A powerful exploration of the history and effect of racism in the United States, I AM NOT YOUR NEGRO unapologetically captures the oppression of black humanity. It is an Oscar-nominated, 2016 documentary film directed by Raoul Peck that is based on James Baldwin’s unfinished manuscript, Remember This House.

On Oct. 29th, as a part of the F.I.L.M. series, Hamilton welcomed Raoul Peck to campus for a screening and discussion of his film. Art History Professor Scott MacDonald introduced Raoul Peck who explained how he decided to tell the story of James Baldwin. Peck shared that in creating this documentary, he aimed, not to show his interpretation of Baldwin’s words, but to give Baldwin a space to share his words himself.

As he told the Los Angeles Times, “I made sure every single word was pure Baldwin.  It was not about how creative I am. It was about how do I make sure it hits the people frontally, without any filter.”

Though Peck’s film is mostly sustained by simple voice-over narration (by Samuel L. Jackson) of Baldwin’s unfinished manuscript, the documentary feels complete and tells a story, interweaving clips of public appearances of Baldwin, including his appearance on The Dick Cavett Show with various clips from relevant movies and footage of police brutality. It intersects the lives and assassinations of Baldwin’s friends and civil rights leaders Medgar Evers, Martin Luther King, Jr., and Malcolm X, who were killed within five years of one another. It is unafraid in confronting white America head-on; it demands its audience to reflect on how they approach racism.

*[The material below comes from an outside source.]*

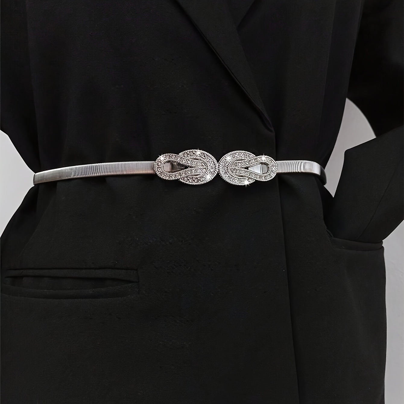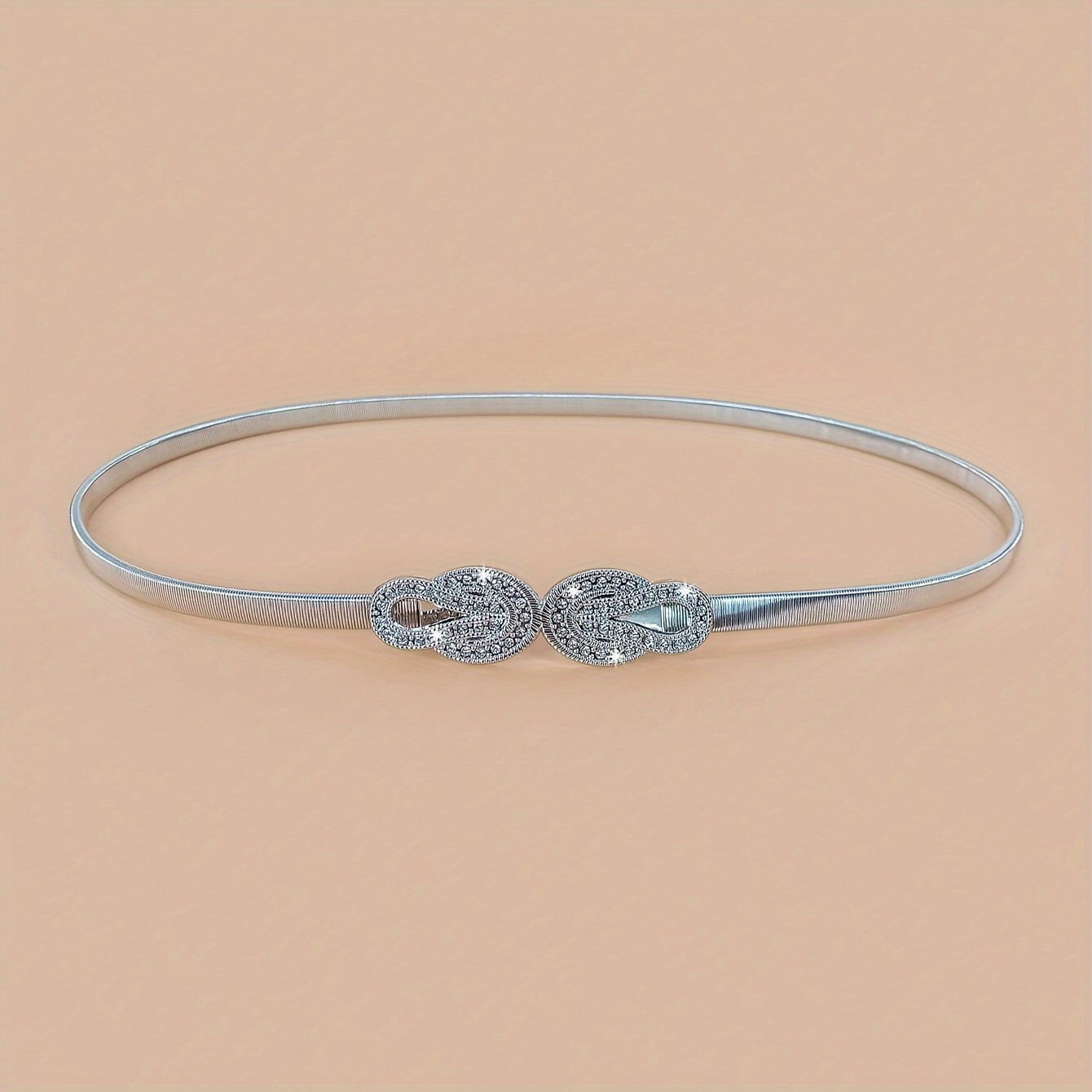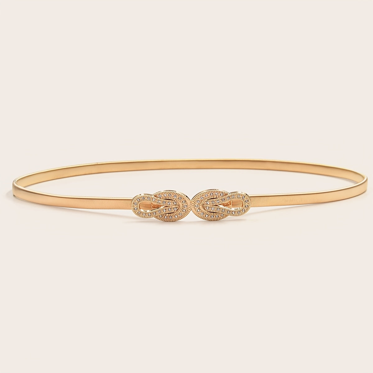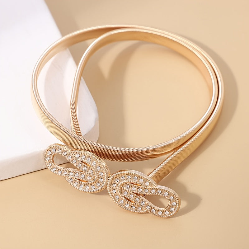 Add a touch of elegance to your outfits with this waist chain featuring twisted rhinestones and a golden hook. The elastic stretch design ensures a comfortable fit.

The documentary was followed by a question-answer session with Peck during which he answered questions about how he contextualized historic events to modern day, how he chose to mention but not focus on Baldwin’s sexuality, and discussed how if President Donald Trump were black, he would be perceived drastically differently by Americans. Peck explained that through his documentary, he wanted to encourage people to question and criticize the construction of race, rather than live in “media-fueled ignorance.”

Through his writing captured by Peck in I AM NOT YOUR NEGRO, Baldwin commented on the deeply rooted racism in white America; in an eerie act of foreshadowing, this writer who has been dead for over 30 years, managed to be more timely and relevant than ever for today’s political and social culture in the United States.